Special Commentary :
In the last few days, Malawi and world at large have seen a new side of PresidentBingu wa Mutharika. They have witnessed a contrite Professor Mutharika. In one day, the government under his direction sent not one, but two apologies:
1. to the United Kingdom for the unfortunate deportation of High Commissioner Mr Fergus Cochrane-Dyet and;
2. to neighbouring Zambia, for the rough and untoward treatment that President Micheal Sata suffered when he was visiting Malawi as a leader of the opposition in Zambia.
On the corruption front, the former General Manager and assistant general manager of the Malawi Housing Corporation (MHC) are on remand, awaiting trial for the obscene acquisition of public property in a shady manner. While they are not the only culprits in this scandal, and the public rightly expects more arrests; this is a step in the right direction. The public is hopeful that “Sir” Alex Nampota f Anti Corruption Bureau will round up the rest of the thieving low-lives.
Again, at the Mulhako wa Alhomwe gathering it has been reported that the president’s message was markedly different from his recent “I-will-smoke-you-out” and “lets-go-to-war” outbursts. His message, this time around, was one of unity in diversity. He called for co-existence amongst all tribes, saying citizens may speak different languages and belong to many different tribes but they should always remember that they “are Malawians first.”

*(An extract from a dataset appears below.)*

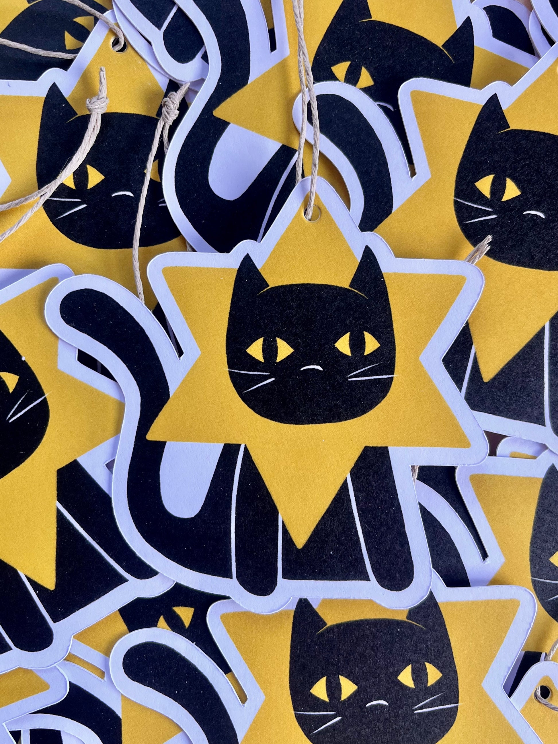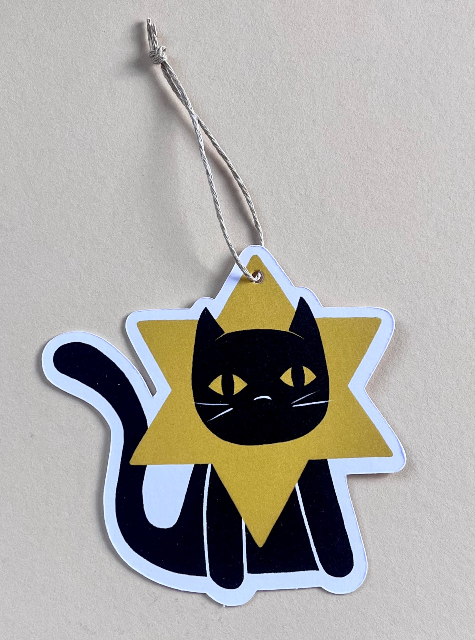 Snor i toppen, blank bakside til å skrive på. Kan brukes som en til og fra-lapp eller som et lite kort.

To put icing on top of the cake, with much happiness, Mutharika has directed that Chancellor College Academic Staff Union (CCASU) acting President Dr. Jessie Kabwila-Kapasula, CCASU legal advisor Dr. Garton Kamchedzera, CCASU Secretary General Franz Amin and the man at the centre of the academic freedom saga, Dr. Blessings Chinsinga should be reinstated without any preconditions.

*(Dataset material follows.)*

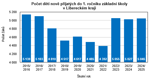 Základní vzdělávání ve školním roce 2024/2025 v Libereckém kraji zabezpečuje 199 škol (o 3 zařízení méně než v roce 2023/2024), ve kterých bylo zřízeno 2 250 tříd (meziročně +3 třídy). Tyto školy navštěvuje 42 946 žáků (tj. o 194 žáků a 0,4 % méně než ve školním roce 2023/2024), z toho 24 519 žáků (57,1 %) navštěvuje 1. stupeň. Stejně jako v roce 2023/2024 se tak i v tomto školním roce počet žáků na základních školách v našem kraji snížil. Jednu třídu navštěvuje v průměru 19,1 žáka, o rok dříve to bylo 19,2 žáka. Do 1. ročníku bylo nově přijato 5 045 žáků, v tom 0,6 % žáků bylo mladších 6 let, 76,0 % žáků bylo šestiletých a 23,4 % sedmiletých a starších.
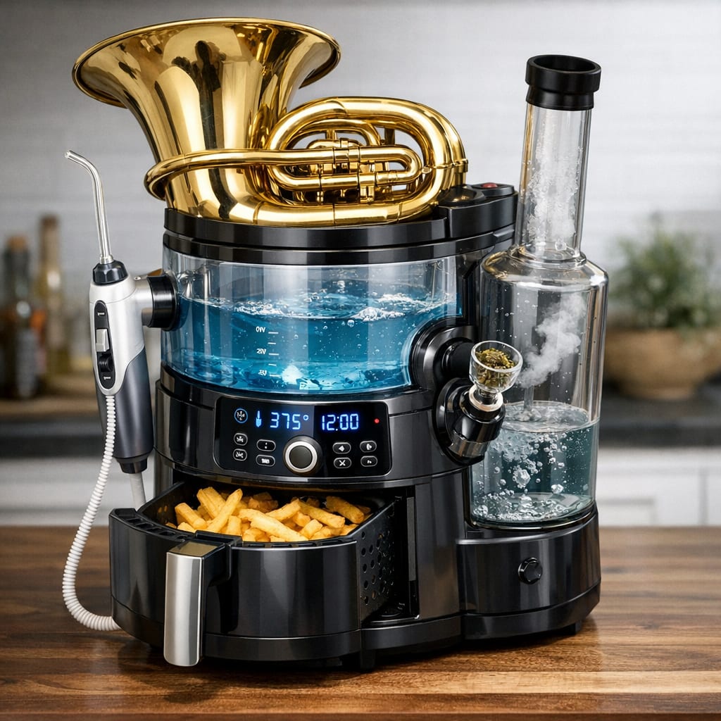 @zippyus Here’s the image you requested for “combination tuba, water flosser, air fryer, and bong”

All these are very commendable we say, though long overdue. If he can continue walking this talk, and take things further with respect to public appointments – the works of his hands will lose the derogatory connotations they assumed recently. These are the words and works of someone who, if he works at it, could be universally accepted as a statesman. He may not surpass his hero the genuine Ngwazi, but nevertheless he could be a statesman all the same.
“It is a good start, your Excellency Professor Bingu wa Mutharika – keep it up, it is not too late,” is our message.

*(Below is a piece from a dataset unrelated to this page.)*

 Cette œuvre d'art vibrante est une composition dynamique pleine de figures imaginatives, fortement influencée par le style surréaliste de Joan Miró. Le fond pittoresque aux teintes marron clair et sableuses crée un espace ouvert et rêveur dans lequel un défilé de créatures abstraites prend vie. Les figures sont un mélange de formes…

But while Mutharika seems to be working on his image that has of late taken a battering, why are some people bent on tarnishing his image? Take for example, the man of God and Chairperson of the Entertainment Committee of the Mulhako Main Organizing Committee, Rev. Harold Mbedza.
Why should Rev. Mbedza, a man of the collar, parade topless girls flaunting their breasts before the seemingly repentant President Mutharika? Worse, this act of what could arguably pass for flagrant pornography was greeted by a happy looking Mutharika – the man who would be a statesman. To make matters worse, it was beamed live on the public broadcaster MBC TV, and it appears some of it will be aired on DSTV.
While it could be argued that public display of breasts is part of our cultural heritage and all that stuff, conspicuously missing from the bare-breast parade were the president’s and the reverend’s daughters. We are yet to find out if among the bare-breasted girls, was a daughter of any government minister or any high ranking official – but this is doubtful.
If this show of breasts is something that we want to celebrate shouldn’t the first daughter(s); the holy man’s daughter(s); ministers’ daughters and in general, children of the people leading Malawi society and shaping the nation’s future lead the semi-nude parade? Is it too much to ask for leadership by example, or is it because we all know and agree that this show borders on pornography and is demeaning to the participants?
Needless to say, making one step towards statesmanship, if followed by another step in the opposite direction nullifies the effort. In addition, if the step in the wrong direction happens to involve abuse of the hapless and already vulnerable girl child of the poor in Malawi, it smells discrimination and abuse. Our newly “reborn” President will do well to take note of this.